Fine-tune, deploy, and optimize large language models for domain-specific applications including clinical text analysis, semantic search, and automated summarization.
Develop services for entity extraction, concept normalization, document classification, and information retrieval from healthcare datasets.
Build reusable NLP components and APIs that can be integrated into analytics workflows across the WHDH platform.
Integrate LLM and NLP capabilities into WHDH’s cloud-based data and analytics platform.
Develop scalable APIs and microservices that enable secure access to language-model capabilities by research teams and application developers.
Implement containerized services and deployment pipelines to operationalize AI models in production environments.
Work with teams to ensure NLP pipelines operate efficiently within large-scale distributed data processing environments.
Collaborate with platform engineers and domain experts to design AI-driven solutions that address real-world healthcare data challenges.
Translate emerging LLM capabilities into practical tools for clinical text processing, data enrichment, and knowledge extraction.
Rapidly prototype and iterate AI-enabled features that improve usability and accessibility of the WHDH data platform.
Support applied analytics initiatives that leverage LLM capabilities to enhance research workflows.
Ensure all AI solutions comply with institutional data governance policies and healthcare data privacy requirements.
Implement safeguards for secure handling of sensitive healthcare text data within NLP workflows.
Support responsible use of generative AI technologies through appropriate monitoring, evaluation, and documentation practices.
Collaborate with platform security teams to ensure compliance with HIPAA-aligned infrastructure requirements.
Prepares data sets for analysis including cleaning/quality assurance, transformations, restructuring, and integration of multiple data sources.
Serves as an institutional subject matter expert and liaison to key internal and external stakeholders regarding data science best practices and methodologies and represents the interests of data science.
Composes and assembles reproducible workflows and reports to clearly articulate patterns to researchers and/or administrators.
Leverage modern NLP frameworks and LLMs to extract critical insights from unstructured clinical notes and reports, ensuring data quality and integrity through rigorous preprocessing.
Develop predictive models using retrospective real-world data to estimate disease risk, progression, and treatment effectiveness, while addressing bias and fairness.

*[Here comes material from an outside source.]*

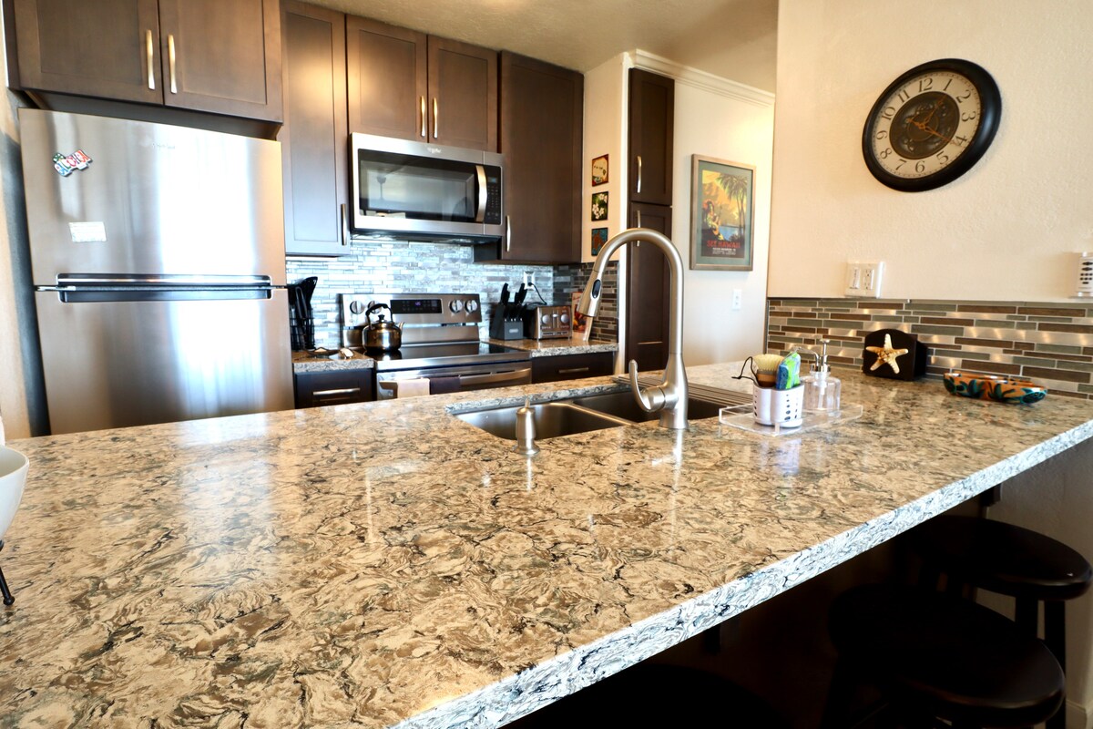 El Kona Reef se renovará en 2026. Echa un vistazo a nuestras tarifas especiales de construcción. Horario de Reno de 8:00 a. m. a 5:00 p. m. de lunes a sábado mientras estás en las playas, volcán, etc. ¡Te encantará este condominio! Frente al mar absoluto. A 5 minutos a pie del centro de la ciudad. ¡Estacionamiento gratuito! ¡Completamente remodelado! Fresco, limpio, elegante y cómodo. NUEVO aire acondicionado completo, cocina abastecida, equipo de playa y golf. ¡ATENCIÓN GOLFISTAS! ¡2 juegos de palos de golf Callaway! Echa un vistazo a nuestros otros 2 apartamentos Kona Reef A35 y B31 TA-109-936-6880-01 STVR-19-352037

Design and execute rigorous hypothesis testing on observational datasets to validate research findings.
Work closely with data governance and security to ensure compliance with privacy regulations (e.g., NIST, HIPAA) when working with healthcare data; and address bias and fairness issues in AI models when dealing with sensitive health data.
Develop and implement informatics pipelines for the processing, integration, and harmonization of heterogeneous data sources.
Identifies and implements or guides others in implementing appropriate data science techniques to find data patterns and answer research questions chosen by the lead researcher including data visualization, statistical analysis, machine learning, and data mining.
Organizes and automates project steps for data preparation and analysis.
Documents approaches to address research questions and contributes to the establishment of reproducible research methodologies and analysis workflows.